The Africa Progress Panel (APP) was a Swiss-based foundation that was aimed at changing the policy through analysis, advocacy and diplomacy.

==History==
After the Gleneagles G8 Summit in July 2005 and the Commission for Africa Report earlier that year, the Africa Progress Panel was formed through a UK Government initiative. Following the publication of the final report, the Panel reported that it had ceased its operations at the end of 2017.

== Structures ==
The panel was chaired by former United Nations Secretary-General Kofi Annan, and, during its existence, it consisted of the following members:
- Tony Blair – former Prime Minister of United Kingdom.
- Michel Camdessus – former Managing Director of the International Monetary Fund.
- Peter Eigen – founder and Chair of the Advisory Council at Transparency International.
- Bob Geldof – musician, founder, and Chair of Band Aid, Live Aid and Live 8, Co-founder of DATA.
- Graça Machel – President of the Foundation for Community Development.
- Strive Masiyiwa – founder of Econet Wireless.
- Linah Mohohlo – governor of Bank of Botswana.
- Olusegun Obasanjo – former President of Nigeria.
- Robert Rubin – Council on Foreign Relations and former Secretary of the United States Treasury.
- Tidjane Thiam – Chief Executive Officer, Crédit Suisse.

Timeline
The Geneva-based secretariat was a non-profit foundation under Swiss law. The Panel's work was supported by a secretariat established in 2008.

==Publications==

=== Africa Progress Reports ===
The Africa Progress Reports were an annual publication of the Africa Progress Panel.

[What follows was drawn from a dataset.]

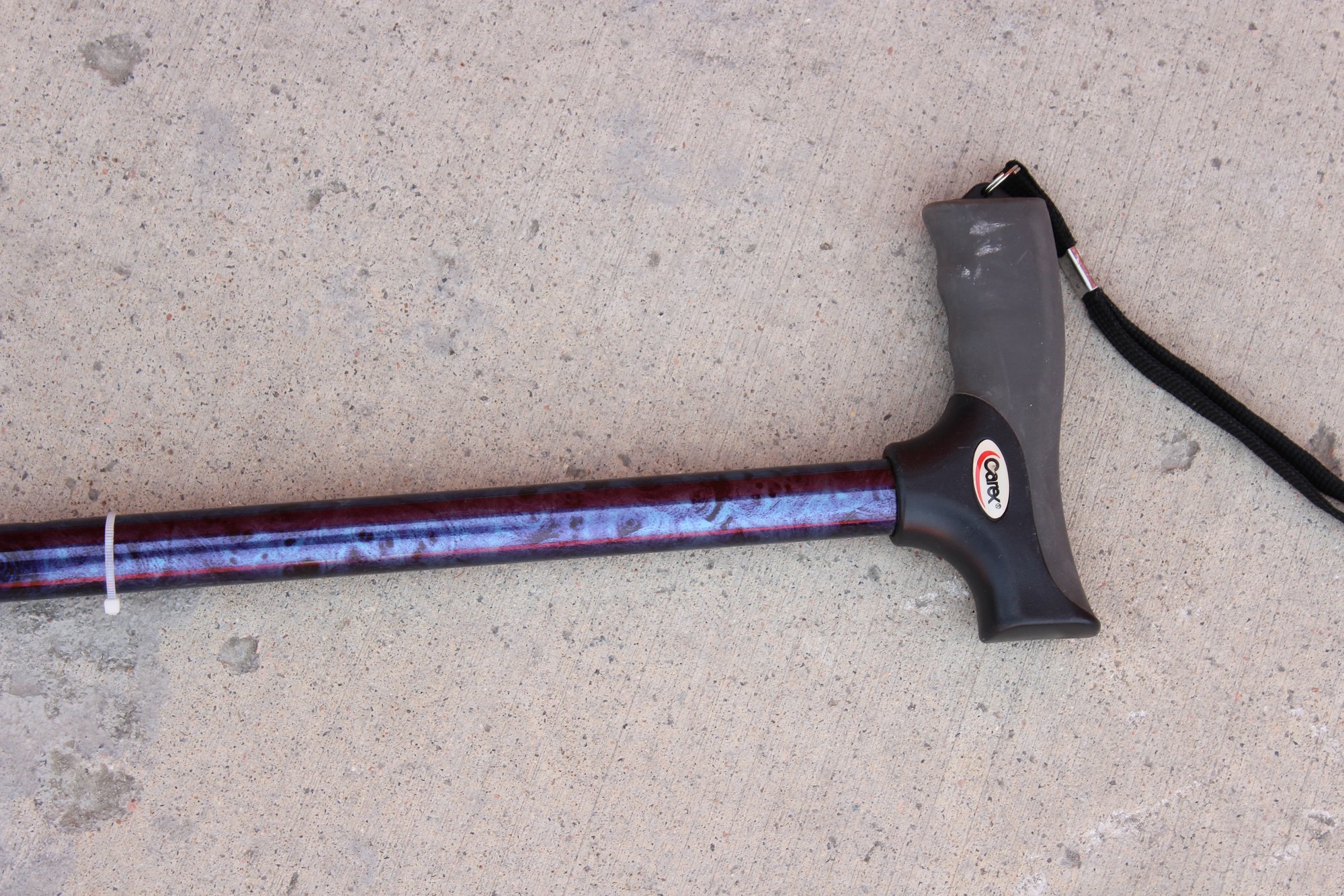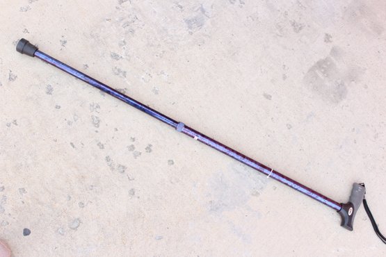 A Carex blue, size adjustable, carbon fiber cane, 39" - 28" long. This item can be shipped.

The 2012 Africa Progress Report was launched in London, United Kingdom, on 8 May 2014 by Kofi Annan, Tidjane Thiam, Bob Geldof, Peter Eigen, and Caroline Kende-Robb. The launch of the 2012 Africa Progress Report was covered by The Wall Street Journal, The Guardian, The Financial Times, and African Business. As part of the launch, Executive Director Caroline Kende-Robb and Panel Member Olusegun Obasanjo were interviewed for the video series This Is Africa.

The 2013 Africa Progress Report was launched at the World Economic Forum on Africa in Cape Town, South Africa, on 8 June 2013 by Kofi Annan, Linah Mohohlo, and Strive Masiyiwa. The 2015 Africa Progress Report was launched in Cape Town, South Africa, on 5 June 2015 by Caroline Kende-Robb, Graça Machel, Linah Mohohlo, and Michel Camdessus.